Requirement
Give again, exactly as written, the lines of the records below from the line with "Состав: экстракт золотого" to the line with "Možemo li da pričamo o kući?". Both end lines count; pictures do not.

Source data
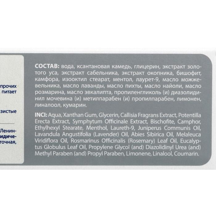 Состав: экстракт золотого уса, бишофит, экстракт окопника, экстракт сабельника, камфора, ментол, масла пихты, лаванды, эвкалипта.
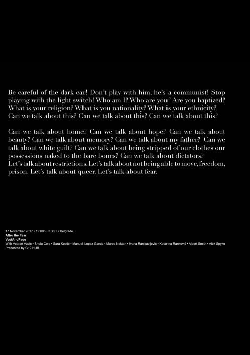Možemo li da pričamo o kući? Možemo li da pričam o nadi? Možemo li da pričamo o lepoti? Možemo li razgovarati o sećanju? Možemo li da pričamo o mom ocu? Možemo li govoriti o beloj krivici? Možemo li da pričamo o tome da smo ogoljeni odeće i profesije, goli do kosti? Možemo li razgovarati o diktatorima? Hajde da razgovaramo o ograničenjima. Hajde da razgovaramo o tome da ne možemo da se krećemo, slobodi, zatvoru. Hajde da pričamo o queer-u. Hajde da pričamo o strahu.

---

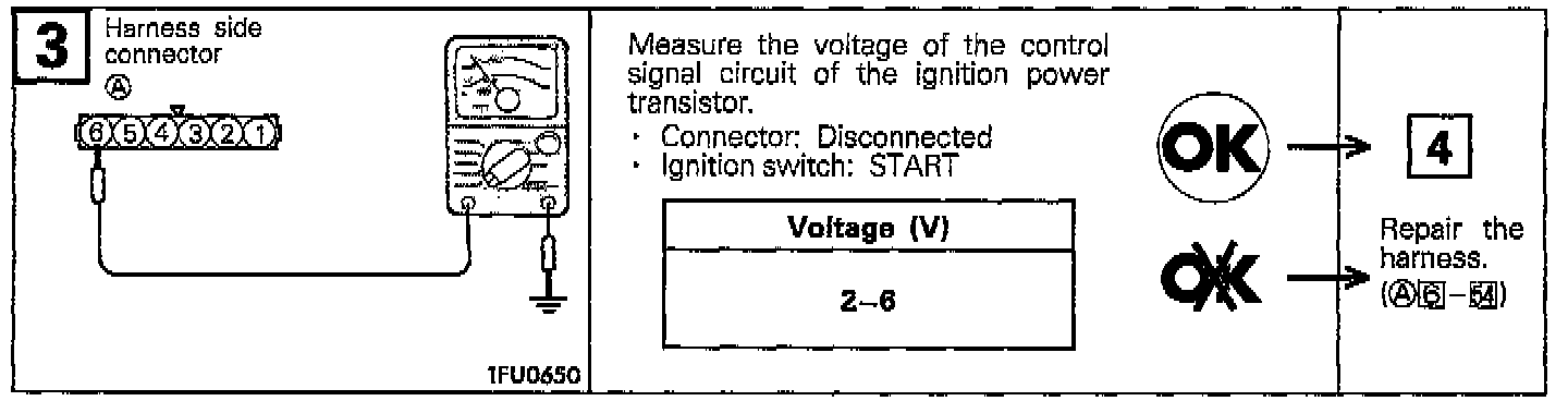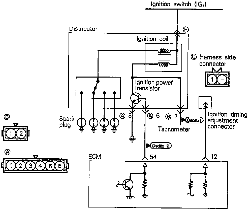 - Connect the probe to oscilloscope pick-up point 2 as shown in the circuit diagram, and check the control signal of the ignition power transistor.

==

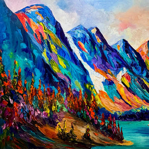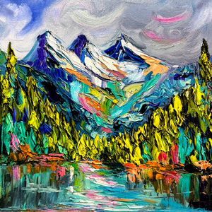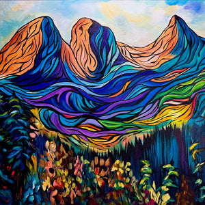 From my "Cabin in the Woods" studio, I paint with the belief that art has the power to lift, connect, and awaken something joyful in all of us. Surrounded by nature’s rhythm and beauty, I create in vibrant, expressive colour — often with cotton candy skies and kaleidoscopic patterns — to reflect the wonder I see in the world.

Finished exercise
 Состав: экстракт золотого уса, бишофит, экстракт окопника, экстракт сабельника, камфора, ментол, масла пихты, лаванды, эвкалипта.
Možemo li da pričamo o kući? Možemo li da pričam o nadi? Možemo li da pričamo o lepoti? Možemo li razgovarati o sećanju? Možemo li da pričamo o mom ocu? Možemo li govoriti o beloj krivici? Možemo li da pričamo o tome da smo ogoljeni odeće i profesije, goli do kosti? Možemo li razgovarati o diktatorima? Hajde da razgovaramo o ograničenjima. Hajde da razgovaramo o tome da ne možemo da se krećemo, slobodi, zatvoru. Hajde da pričamo o queer-u. Hajde da pričamo o strahu.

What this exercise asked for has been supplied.